If I had to guess, I’d say that President Barack Obama already knows which way the wind will blow over Alberta’s oil sands bitumen.


Image provided by Wikimedia user “Tasty Cakes”

Jan Lee

Jan Lee is a former news editor and award-winning editorial writer whose non-fiction and fiction have been published in the U.S., Canada, Mexico, the U.K. and Australia. Her articles and posts can be found on TriplePundit, JustMeans, and her blog, The Multicultural Jew, as well as other publications. She currently splits her residence between the city of Vancouver, British Columbia and the rural farmlands of Idaho.

2 responses

  1. The scientific consensus is that; “it is real and happening a could lead to a climate crisis” but in 28 years they have NEVER said anything beyond “could be” a crisis and have NEVER said it WILL happen eventually, like they say comet hits are. So why are believers of climate change crisis saying it WILL happen when science has never said or agreed it will happen?
    With a “maybe” scientific consensus deniers are able to perpetuate this costly debate to save the planet so why don’t both believes and deniers demand that science give us a real warning for a real crisis otherwise CO2 mitigation is impossible?
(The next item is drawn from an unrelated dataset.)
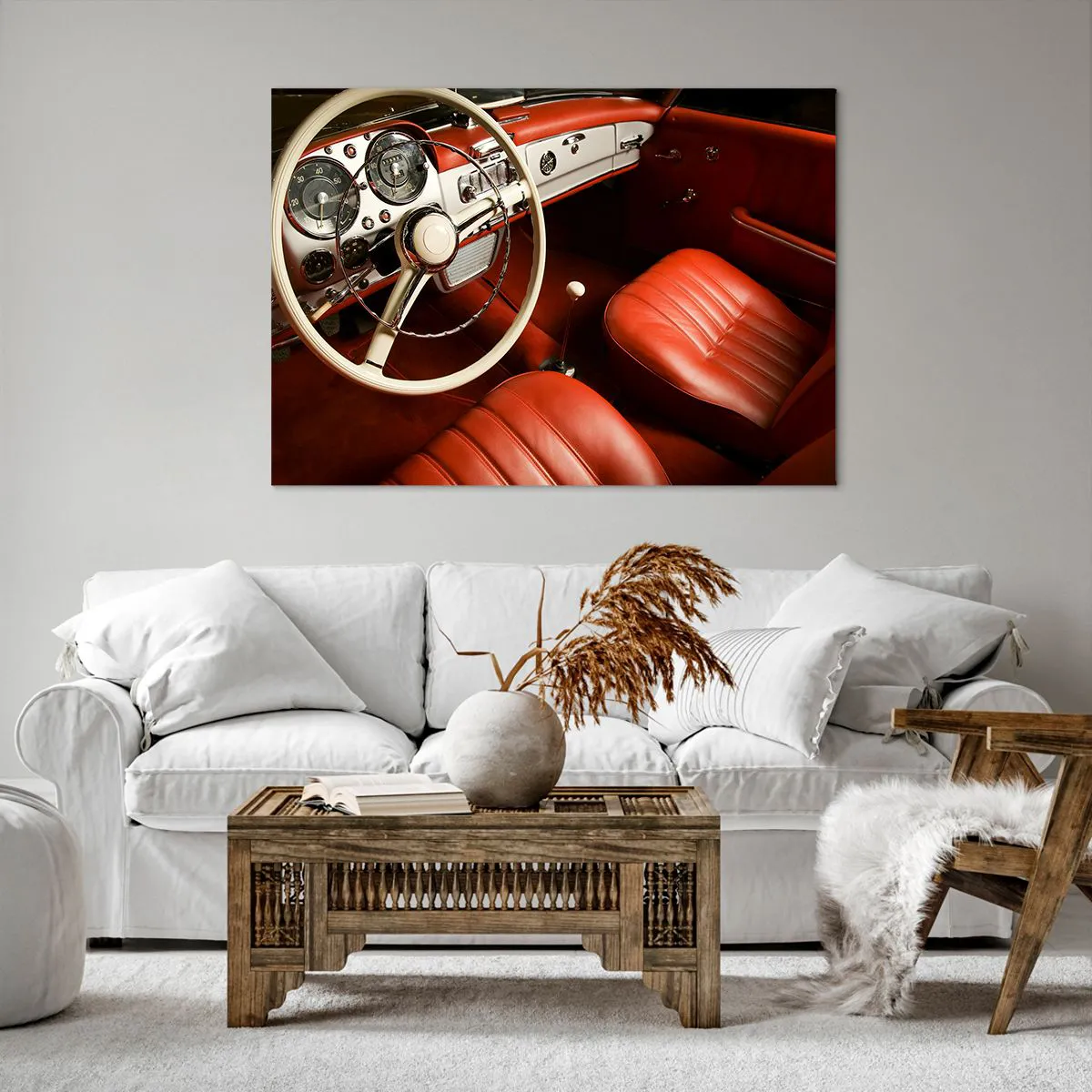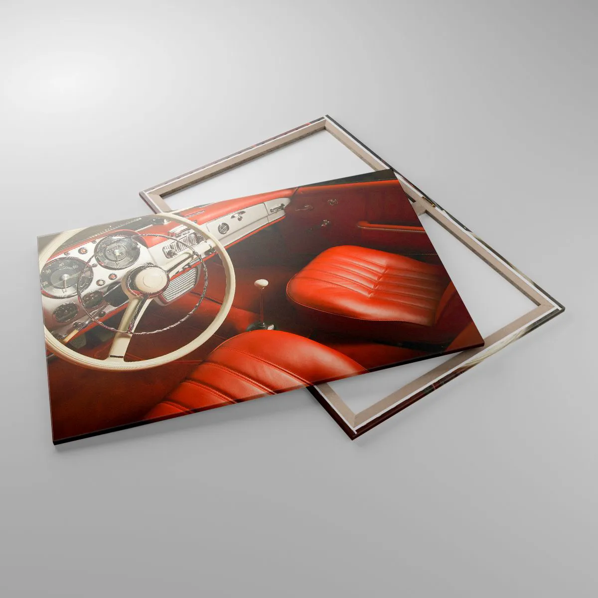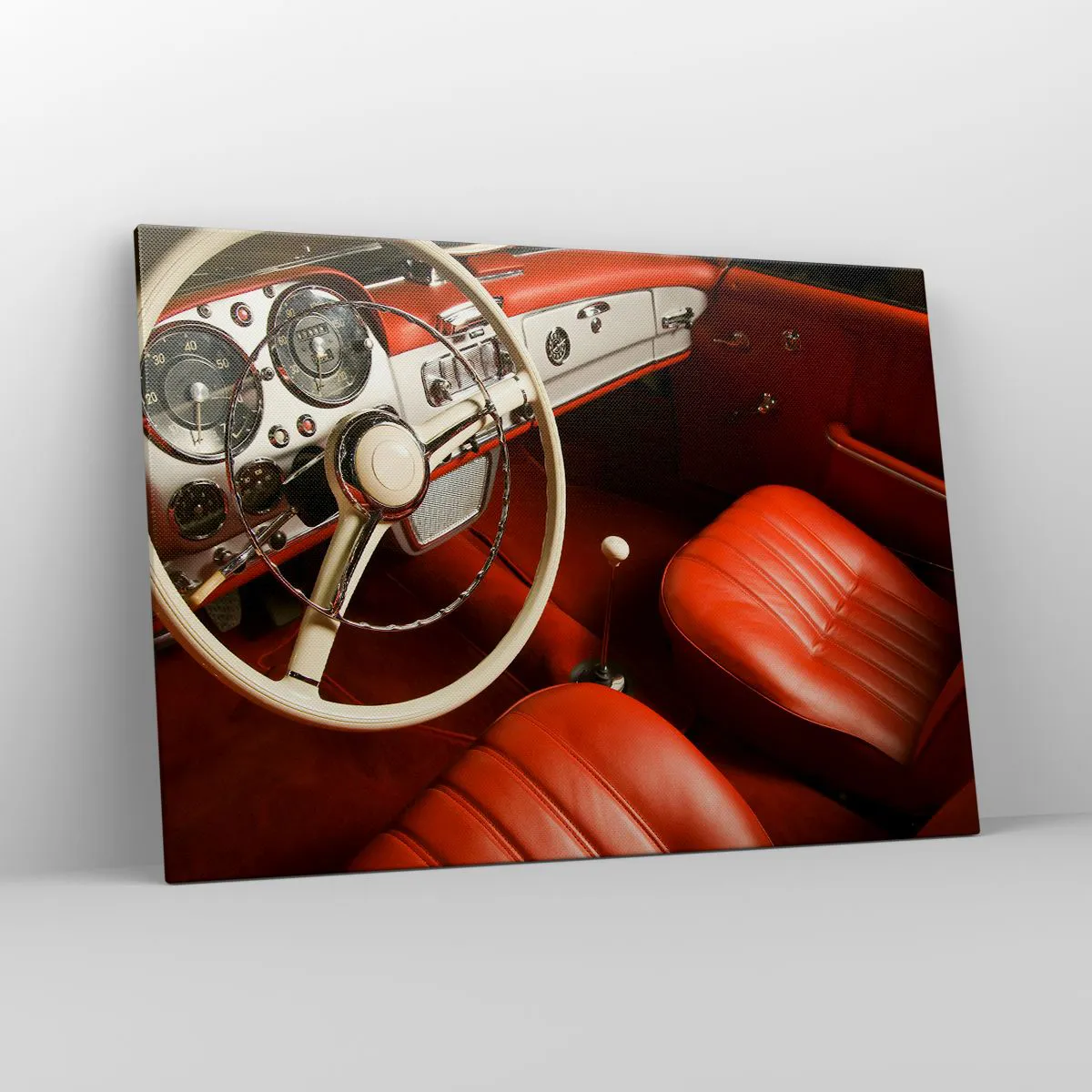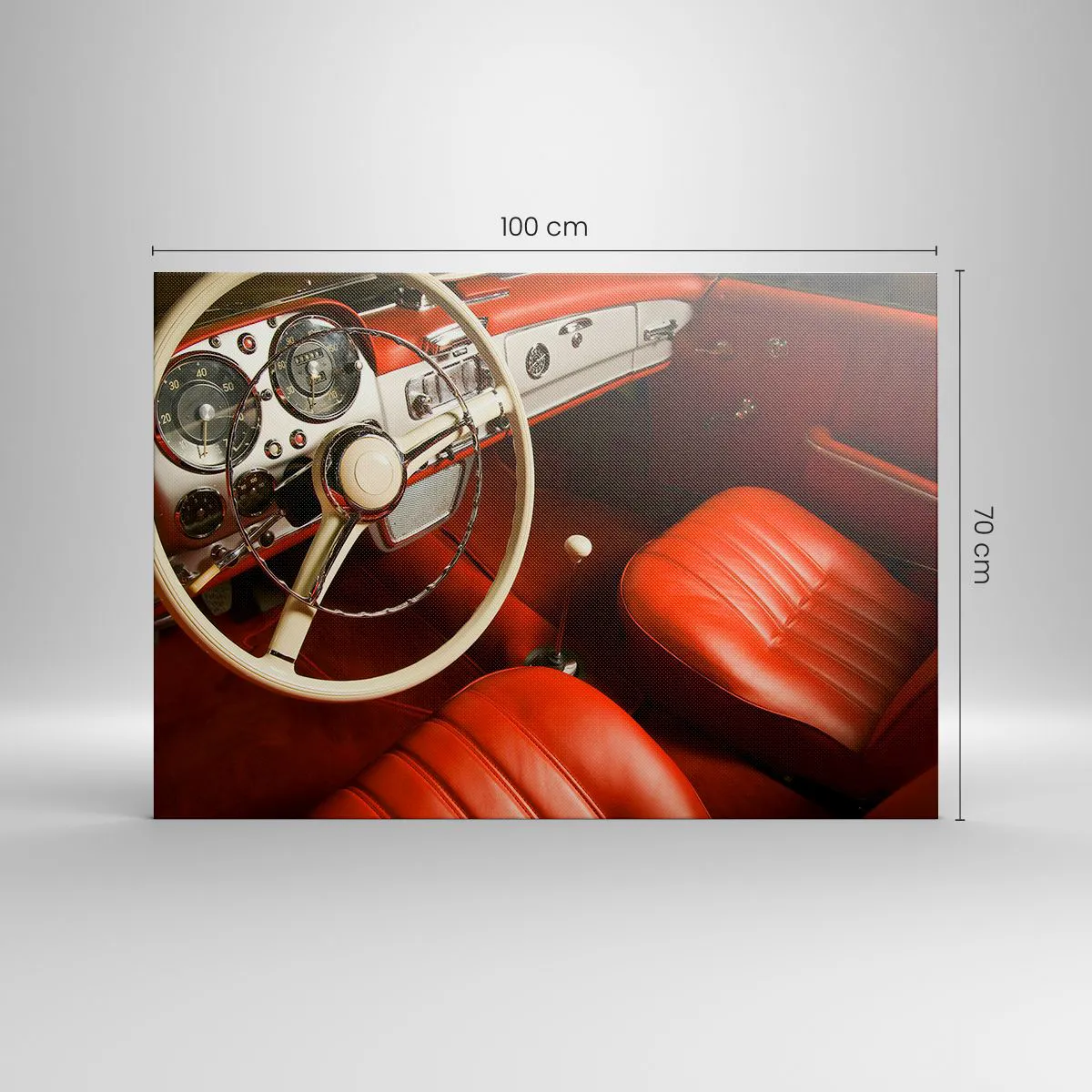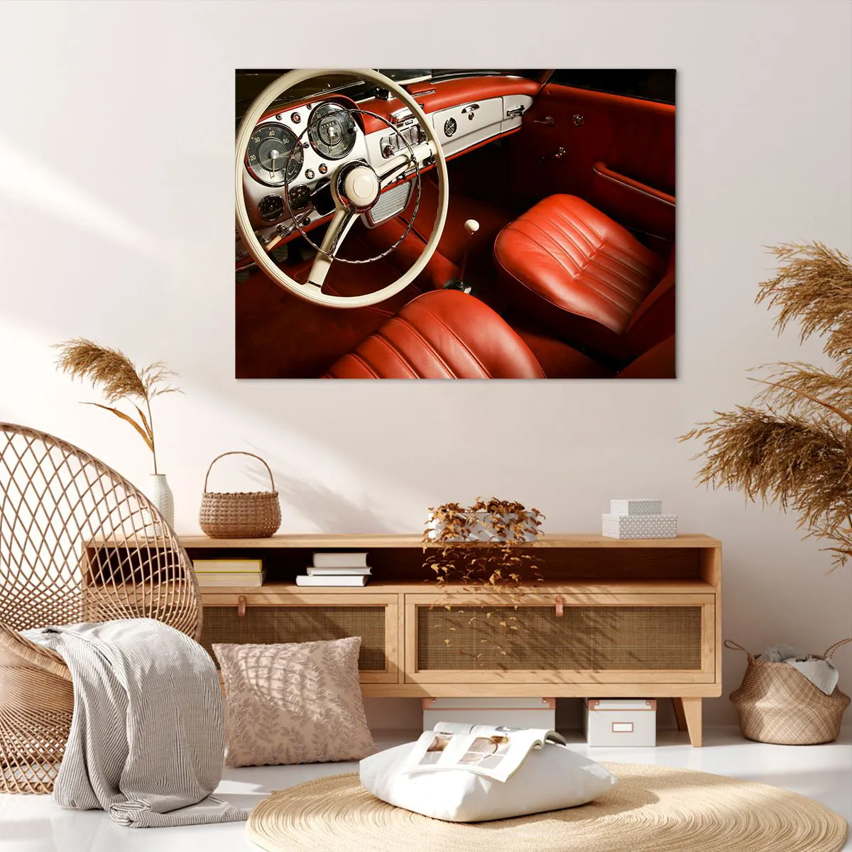 Bild auf Leinwand - Leinwandbild - Oldtimer-Innenraum mit roten Ledersitzen - 100x70cm - Luxus im Vintagestil - Moderne Wanddekoration für Wohnzimmer und Schlafzimmer ARTTOR

    1. Thanks for your comment.
      I think the best way to answer your question is to say that after Super Sandy (an anomaly, (or unusual occurrence of normal weather patterns for that area), Katrina (an anomaly), the increasing deaths from increasing heat waves in the midwest, east, south and southwest (all of which are considered odd anomalies), increasing droughts and ice caps melting, that climate change is real.

      As to the science of it and experts’ unwillingness to go beyond the “could be” stage, I liken it to when I read vitamin bottles and other things that people have been taking for 30 years, but is still stamped with the fact that the FDA hasn’t “proven” that they work. Whether the government confirms that it exists isn’t always as strong as what we experience or know.

      Hopefully, sometime soon, science (and the government) will catch up with global warming and tell us that it really does exist. Until then, I think the current weather patterns are enough proof for many. Hope that helps – thanks again for the excellent question!